§ WHAT YOU SHOULD DO
Could you reproduce, from the records below, everything from the line with "Here we learn" down to the line with "Het perceel waarop", keeping both of those lines and changing nothing?

#### PROVIDED RECORDS

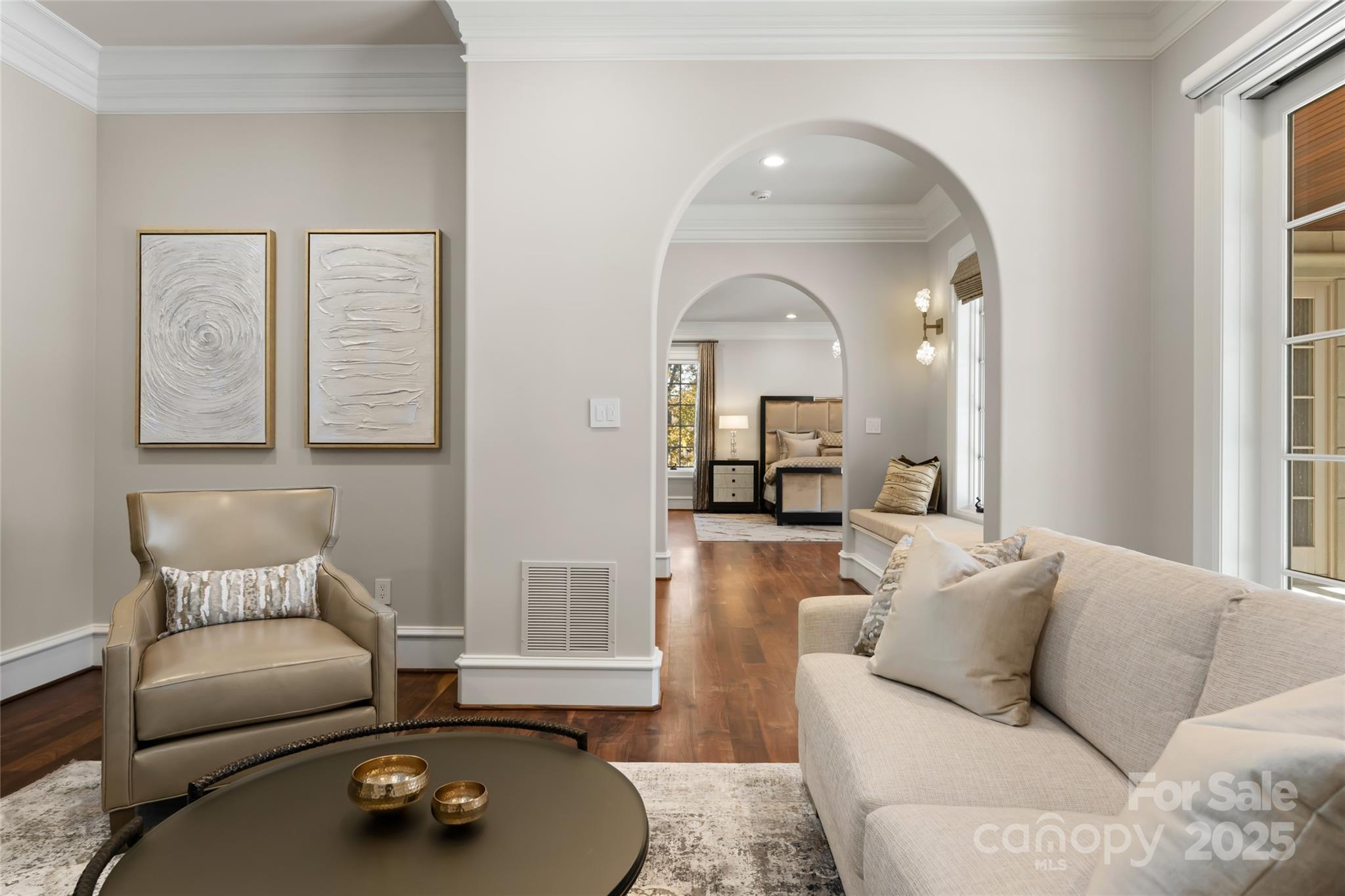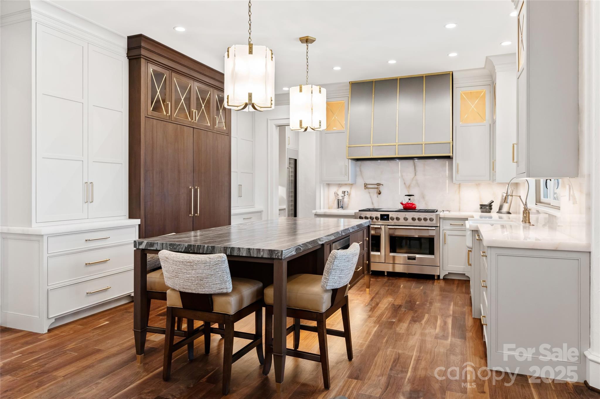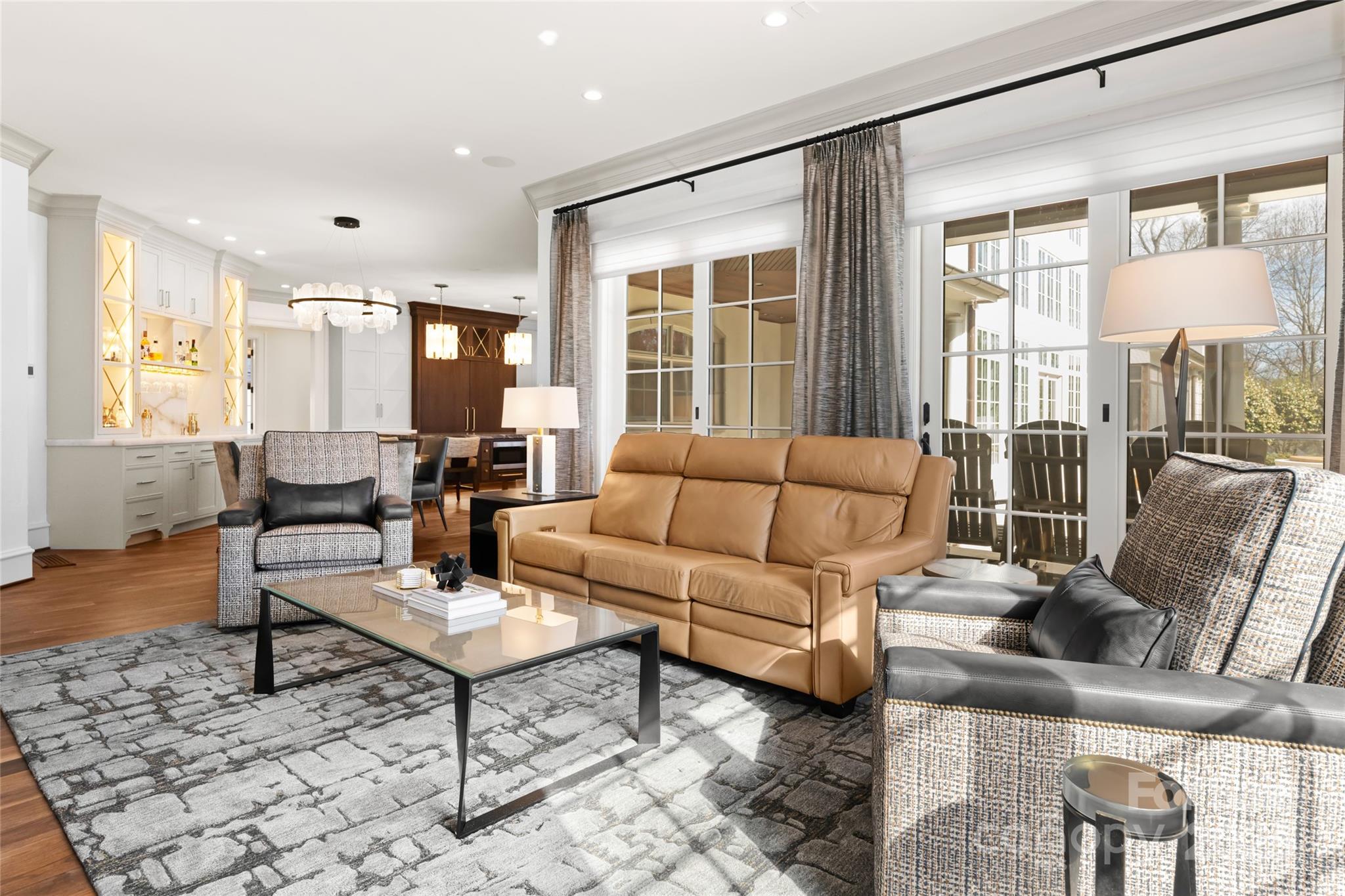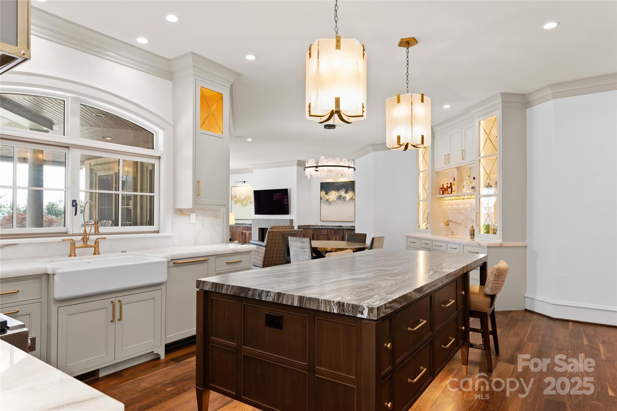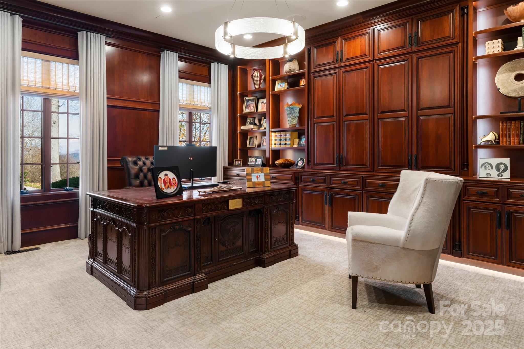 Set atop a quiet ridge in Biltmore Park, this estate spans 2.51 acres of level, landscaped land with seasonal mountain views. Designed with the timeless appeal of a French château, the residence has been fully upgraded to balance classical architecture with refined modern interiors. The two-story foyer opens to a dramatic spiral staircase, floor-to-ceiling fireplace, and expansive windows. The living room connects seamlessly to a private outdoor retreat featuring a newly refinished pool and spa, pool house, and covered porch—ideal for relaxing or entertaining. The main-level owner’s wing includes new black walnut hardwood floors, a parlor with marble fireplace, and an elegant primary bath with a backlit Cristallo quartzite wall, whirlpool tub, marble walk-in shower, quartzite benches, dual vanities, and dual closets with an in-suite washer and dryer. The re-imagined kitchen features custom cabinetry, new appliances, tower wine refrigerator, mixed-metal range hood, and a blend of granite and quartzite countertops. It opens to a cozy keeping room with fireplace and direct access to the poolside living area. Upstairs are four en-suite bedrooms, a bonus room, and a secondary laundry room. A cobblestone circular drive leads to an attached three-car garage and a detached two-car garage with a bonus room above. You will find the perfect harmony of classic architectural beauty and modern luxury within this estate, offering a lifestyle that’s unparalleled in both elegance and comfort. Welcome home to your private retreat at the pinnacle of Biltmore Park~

########
#### PROVIDED RECORDS

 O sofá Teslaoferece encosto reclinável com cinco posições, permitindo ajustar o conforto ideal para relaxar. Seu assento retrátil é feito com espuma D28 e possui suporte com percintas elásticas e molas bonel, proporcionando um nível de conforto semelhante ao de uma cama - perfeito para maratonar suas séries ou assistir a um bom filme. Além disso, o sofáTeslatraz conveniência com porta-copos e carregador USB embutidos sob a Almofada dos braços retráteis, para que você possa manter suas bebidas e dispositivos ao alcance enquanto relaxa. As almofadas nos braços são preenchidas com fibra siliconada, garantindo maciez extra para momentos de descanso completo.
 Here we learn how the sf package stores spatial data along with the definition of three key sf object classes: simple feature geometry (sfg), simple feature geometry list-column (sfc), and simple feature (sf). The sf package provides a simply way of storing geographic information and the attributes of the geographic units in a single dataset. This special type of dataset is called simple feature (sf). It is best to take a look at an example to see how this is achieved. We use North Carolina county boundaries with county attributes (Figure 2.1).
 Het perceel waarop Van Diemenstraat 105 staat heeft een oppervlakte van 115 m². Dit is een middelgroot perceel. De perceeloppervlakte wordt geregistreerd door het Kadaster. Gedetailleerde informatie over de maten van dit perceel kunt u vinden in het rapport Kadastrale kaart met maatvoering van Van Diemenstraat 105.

########

§ REPLY TO THE EXERCISE
 Here we learn how the sf package stores spatial data along with the definition of three key sf object classes: simple feature geometry (sfg), simple feature geometry list-column (sfc), and simple feature (sf). The sf package provides a simply way of storing geographic information and the attributes of the geographic units in a single dataset. This special type of dataset is called simple feature (sf). It is best to take a look at an example to see how this is achieved. We use North Carolina county boundaries with county attributes (Figure 2.1).
 Het perceel waarop Van Diemenstraat 105 staat heeft een oppervlakte van 115 m². Dit is een middelgroot perceel. De perceeloppervlakte wordt geregistreerd door het Kadaster. Gedetailleerde informatie over de maten van dit perceel kunt u vinden in het rapport Kadastrale kaart met maatvoering van Van Diemenstraat 105.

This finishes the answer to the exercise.